#### Task objective:
Scan the data that follows and count the lines with the string "document"; answer with the count alone.

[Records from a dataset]
--- START ---

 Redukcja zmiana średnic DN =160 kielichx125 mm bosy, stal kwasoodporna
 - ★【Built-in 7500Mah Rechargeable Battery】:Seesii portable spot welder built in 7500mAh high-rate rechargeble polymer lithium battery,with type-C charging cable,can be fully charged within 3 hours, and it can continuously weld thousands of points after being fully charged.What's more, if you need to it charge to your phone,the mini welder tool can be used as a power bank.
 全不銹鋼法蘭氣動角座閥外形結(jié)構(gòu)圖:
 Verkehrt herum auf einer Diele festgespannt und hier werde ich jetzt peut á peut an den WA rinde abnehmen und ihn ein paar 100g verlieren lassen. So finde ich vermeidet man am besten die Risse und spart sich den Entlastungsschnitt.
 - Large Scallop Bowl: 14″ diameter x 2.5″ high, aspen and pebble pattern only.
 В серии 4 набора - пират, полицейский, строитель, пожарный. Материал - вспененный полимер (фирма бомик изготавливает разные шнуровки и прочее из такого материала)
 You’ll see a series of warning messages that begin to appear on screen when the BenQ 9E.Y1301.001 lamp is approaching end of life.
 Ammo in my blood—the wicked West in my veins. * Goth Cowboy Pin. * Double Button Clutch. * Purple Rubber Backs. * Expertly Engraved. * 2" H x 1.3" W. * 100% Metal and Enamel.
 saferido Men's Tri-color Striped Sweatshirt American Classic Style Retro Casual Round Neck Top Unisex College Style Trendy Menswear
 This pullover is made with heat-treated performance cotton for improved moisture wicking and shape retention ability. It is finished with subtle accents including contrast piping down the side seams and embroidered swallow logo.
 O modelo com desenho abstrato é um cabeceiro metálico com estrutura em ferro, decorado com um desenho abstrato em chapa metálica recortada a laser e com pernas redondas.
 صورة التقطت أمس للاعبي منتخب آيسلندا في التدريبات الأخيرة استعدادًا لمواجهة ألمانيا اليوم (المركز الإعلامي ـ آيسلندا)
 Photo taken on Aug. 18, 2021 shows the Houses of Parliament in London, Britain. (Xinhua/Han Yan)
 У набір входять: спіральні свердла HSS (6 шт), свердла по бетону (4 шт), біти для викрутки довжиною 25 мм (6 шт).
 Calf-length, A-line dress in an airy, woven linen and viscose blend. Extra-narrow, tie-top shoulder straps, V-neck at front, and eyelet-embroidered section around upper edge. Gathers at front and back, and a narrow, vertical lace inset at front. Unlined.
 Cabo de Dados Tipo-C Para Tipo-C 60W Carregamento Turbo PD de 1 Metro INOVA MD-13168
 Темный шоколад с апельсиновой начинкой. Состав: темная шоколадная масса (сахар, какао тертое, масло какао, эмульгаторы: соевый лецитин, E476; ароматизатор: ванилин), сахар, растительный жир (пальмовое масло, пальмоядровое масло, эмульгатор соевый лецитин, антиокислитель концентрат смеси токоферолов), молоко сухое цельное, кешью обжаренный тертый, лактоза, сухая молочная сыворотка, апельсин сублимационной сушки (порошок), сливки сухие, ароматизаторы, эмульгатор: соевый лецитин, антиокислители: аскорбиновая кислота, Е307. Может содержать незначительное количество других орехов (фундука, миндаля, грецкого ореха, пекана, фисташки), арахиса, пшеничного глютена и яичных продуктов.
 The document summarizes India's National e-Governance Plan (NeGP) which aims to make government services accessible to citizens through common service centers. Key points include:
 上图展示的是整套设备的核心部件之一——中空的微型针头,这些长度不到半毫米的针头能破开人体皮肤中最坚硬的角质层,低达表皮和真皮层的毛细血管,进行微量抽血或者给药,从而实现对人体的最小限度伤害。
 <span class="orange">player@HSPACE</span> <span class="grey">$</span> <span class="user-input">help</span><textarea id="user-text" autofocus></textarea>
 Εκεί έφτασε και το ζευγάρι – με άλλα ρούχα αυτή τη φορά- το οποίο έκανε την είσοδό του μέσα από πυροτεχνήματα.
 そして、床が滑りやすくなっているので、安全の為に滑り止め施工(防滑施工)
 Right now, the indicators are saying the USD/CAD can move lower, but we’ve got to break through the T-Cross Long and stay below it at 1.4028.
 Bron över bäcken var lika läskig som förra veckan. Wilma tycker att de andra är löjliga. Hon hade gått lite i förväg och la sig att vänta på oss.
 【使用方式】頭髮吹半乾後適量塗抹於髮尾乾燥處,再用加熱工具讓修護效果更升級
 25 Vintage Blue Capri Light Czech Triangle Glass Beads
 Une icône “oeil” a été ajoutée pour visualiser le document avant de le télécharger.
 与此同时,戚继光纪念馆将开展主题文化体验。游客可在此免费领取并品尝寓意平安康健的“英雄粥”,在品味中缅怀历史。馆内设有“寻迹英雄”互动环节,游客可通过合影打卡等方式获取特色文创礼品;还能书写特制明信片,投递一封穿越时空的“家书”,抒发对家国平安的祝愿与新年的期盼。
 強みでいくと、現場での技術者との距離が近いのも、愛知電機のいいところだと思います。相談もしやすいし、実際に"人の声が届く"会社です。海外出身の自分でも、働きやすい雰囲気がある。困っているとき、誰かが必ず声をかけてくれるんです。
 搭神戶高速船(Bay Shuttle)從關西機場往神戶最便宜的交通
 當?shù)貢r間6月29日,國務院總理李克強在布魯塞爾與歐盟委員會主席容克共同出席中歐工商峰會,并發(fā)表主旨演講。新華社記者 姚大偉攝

--- END ---

#### Task solution:
2